Napoleon's Crimes: A Blueprint for Hitler (French: Le Crime de Napoléon) is a book published in 2005 by French writer Claude Ribbe, who is of Caribbean origin. In the book, Ribbe advances the thesis that Napoleon Bonaparte during the Haitian Revolution first used gas chambers as a method of mass execution, 140 years before Hitler and the Nazis. His accusations in the book have caused a minor political and academic storm when it was published, and its premise remains under contention to this day.
In the early 19th century, Napoleon had reinstated slavery in the French colonies of Saint-Domingue (now Haiti) and Guadeloupe, these were subsequently hit by a series of massive slave rebellions. Napoleon, as the person responsible for the reinstatement of slavery after the First French Republic had abolished it, was in charge of putting the slave revolts down, and he did so with brutal efficiency. Ribbe claims that some of Napoleon's men refused to do as they were ordered, and then later wrote journals describing the massacre. From these passages, he claims that Napoleon's troops burnt sulphur (readily collected from nearby volcanoes) to make sulphur dioxide gas, which is extremely poisonous. This would have been effective at helping to quell the rebelling Caribbean slaves.
Ribbe's most controversial accusation is that the holds of ships were used as makeshift gas chambers; and that up to 100,000 black slaves were murdered in them. These revelations are still in considerable academic dispute, but when the book was published, the French establishment was quick to condemn his allegations. The French newspaper France Soir, a populist tabloid, for instance, published a stinging editorial, calling the claims of the book insane. The French historian Pierre Branda wrote a critical analysis of Ribbe's book, stating that it is mainly based on suppositions and that the sources are few and often quoted and referred to with heavy omissions.

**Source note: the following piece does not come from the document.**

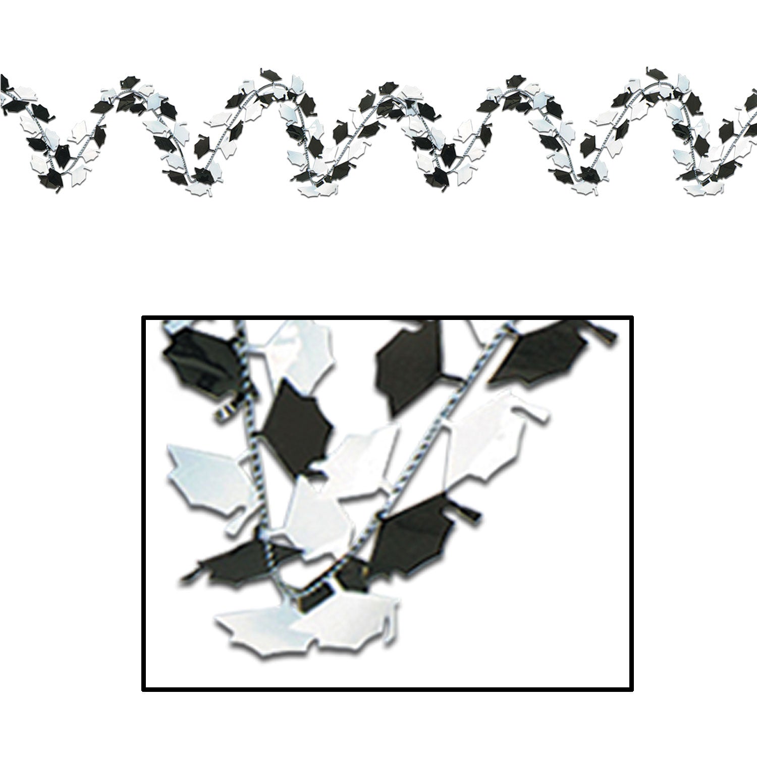 This Metallic Graduation Cap Garland is great for celebrating a big accomplishment. Package includes 1 garland. Measures 25' long.

The book was written in a context of social tension for the bicentenary of the Battle of Austerlitz and in the same timeframe as the Affaire Olivier Grenouilleau, where the author is strongly implicated.Jérôme Gautheret, in Le Monde, considers that « Le Crime de Napoléon n’est pas un livre d’histoire » "is not a history book" and describes it as « charge polémique dirigée contre les « historiographes officiels » "a polemical charge directed against the "official historiographers"" and a "pamphlet" that does not really contribute to a “critical re-reading of the colonial fact”.[1]
Nicolas Lebourg denounces “this type of anachronism, [...] describing the slave trade as a Holocaust in wedges”.[2]